Masallar maceralarla, gizemli olaylarla ve kehanetlerle doludur. Bu hikayelere göre Timur, ilk eşi Aljai Turkanaga ile tanıştığı ve evlendiği Buhara şehrinde büyüdü. 1370 civarında öldü, ardından Saray Mülk dahil rakip bir lider olan Amir Husayn Qara’unas’ın kızlarından birkaçıyla evlendi. Timur sonunda, babalarının ya da eski kocalarının topraklarını fethederken onlarca kadını eş ve cariye olarak topladı.

Timur topal mıydı?

Timur’un adının Avrupa versiyonları “Tamerlane” veya “Tamberlane”, “Timur the Lame” anlamına gelen Timur-i-leng Türk takma adına dayanmaktadır. Timur’un cesedi, 1941’de arkeolog Mikhail Gerasimov liderliğindeki bir Rus ekibi tarafından çıkarıldı ve Timur’un sağ bacağında iki iyileşmiş yaraya dair kanıt buldular. Ayrıca sağ eli de iki parmağı eksikti.

Timur karşıtı yazar Arabshah, Timur’un koyun çalarken okla vurulduğunu söylüyor.

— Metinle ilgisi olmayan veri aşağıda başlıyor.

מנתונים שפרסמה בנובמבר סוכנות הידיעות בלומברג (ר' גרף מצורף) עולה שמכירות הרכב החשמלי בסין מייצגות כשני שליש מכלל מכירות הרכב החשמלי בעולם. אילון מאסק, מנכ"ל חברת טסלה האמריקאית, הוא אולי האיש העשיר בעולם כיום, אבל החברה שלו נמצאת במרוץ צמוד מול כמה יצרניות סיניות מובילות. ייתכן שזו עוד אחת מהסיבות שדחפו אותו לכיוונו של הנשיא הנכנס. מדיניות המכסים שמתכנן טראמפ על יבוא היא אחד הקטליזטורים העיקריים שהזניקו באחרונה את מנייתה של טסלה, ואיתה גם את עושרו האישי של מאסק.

Çağdaş tarihçiler Ruy Clavijo ve Sharaf al-Din Ali Yazdi’nin belirttiği gibi, 1363 veya 1364’te Sistan (güneydoğu Pers) için paralı asker olarak savaşırken yaralandı.

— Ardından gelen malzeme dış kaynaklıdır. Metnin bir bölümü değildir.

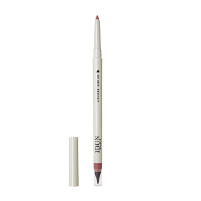 Rajaa ja muotoile huulet täydellisesti muotoiltujen linjojen saamiseksi. IDUN Minerals Lipliner sisältää ainutlaatuisen tasapainoisen sekoituksen pehmentäviä aineita, vahoja ja erittäin puhdistettuja mineraalipigmenttejä, jotka antavat vegaaniselle koostumukselle kermaisen koostumuksen ja sileän silkkisen sekä täyteläisen mattavärisen lopputuloksen. Rikastettu hoitavalla jojobaöljyllä, joka pitää huulet pehmeinä ja kosteutettuina käytön aikana. Kaksipäisessä rakenteessa on sisäänrakennettu teroitin. Kynä ja korkki on valmistettu samasta vaaleanvärisestä, kevyestä monomateriaalista, joten se on helppo kierrättää.
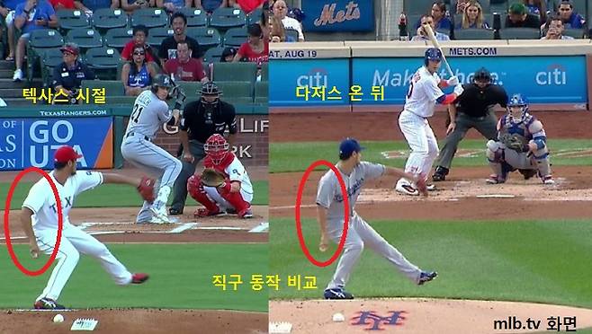 지적된 부분은 이렇다. 포심(직구)을 던질 때 표시가 난다는 얘기다. 본인은 ‘양 손에 잠시 멈춤 동작이 발견된다’고 표현했다. 물론 순간적인 움직임이어서 일반인의 눈으로 식별하기는 어렵다. <…구라다>가 정지 동작 화면을 캡처해서 비교해봤다.
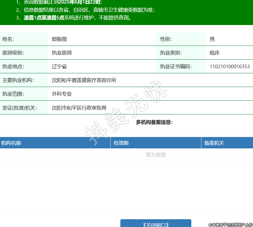 姓名:郎振圖性別:男醫(yī)師級(jí)別:執(zhí)業(yè)醫(yī)師執(zhí)業(yè)類(lèi)別:臨床執(zhí)業(yè)地點(diǎn):遼寧省執(zhí)業(yè)證書(shū)編碼:110210100016353主要執(zhí)業(yè)機(jī)構(gòu):沈陽(yáng)和平碧蓮盛醫(yī)療美容診所執(zhí)業(yè)范圍:外科專(zhuān)業(yè)發(fā)證(批準(zhǔn))機(jī)關(guān):沈陽(yáng)市和平區(qū)行政審批局 -

Mâverâünnehir’in Siyasi Durumu

Timur’un gençliği sırasında, Mâverâünnehir, yerel göçebe klanlar ile onları yöneten yerleşik Çağatay Moğol hanları arasındaki çatışmayla parçalandı. Çağataylar, Cengiz Han’ın ve diğer atalarının yollarını terk etmiş ve kentsel yaşam tarzlarını desteklemek için insanları ağır bir şekilde vergilendirmişlerdi. Doğal olarak bu vergilendirme vatandaşlarını kızdırdı.

1347’de Kazgan adlı bir yerel, Çağatay hükümdarı Borolday’ın gücünü ele geçirdi. Kazgan, 1358’deki suikastına kadar hüküm sürdü. Kazgan’ın ölümünden sonra, çeşitli savaş ağaları ve dini liderler iktidar için yarıştı. Bir Moğol savaş ağası olan Tuğluk Timur 1360 yılında galip geldi.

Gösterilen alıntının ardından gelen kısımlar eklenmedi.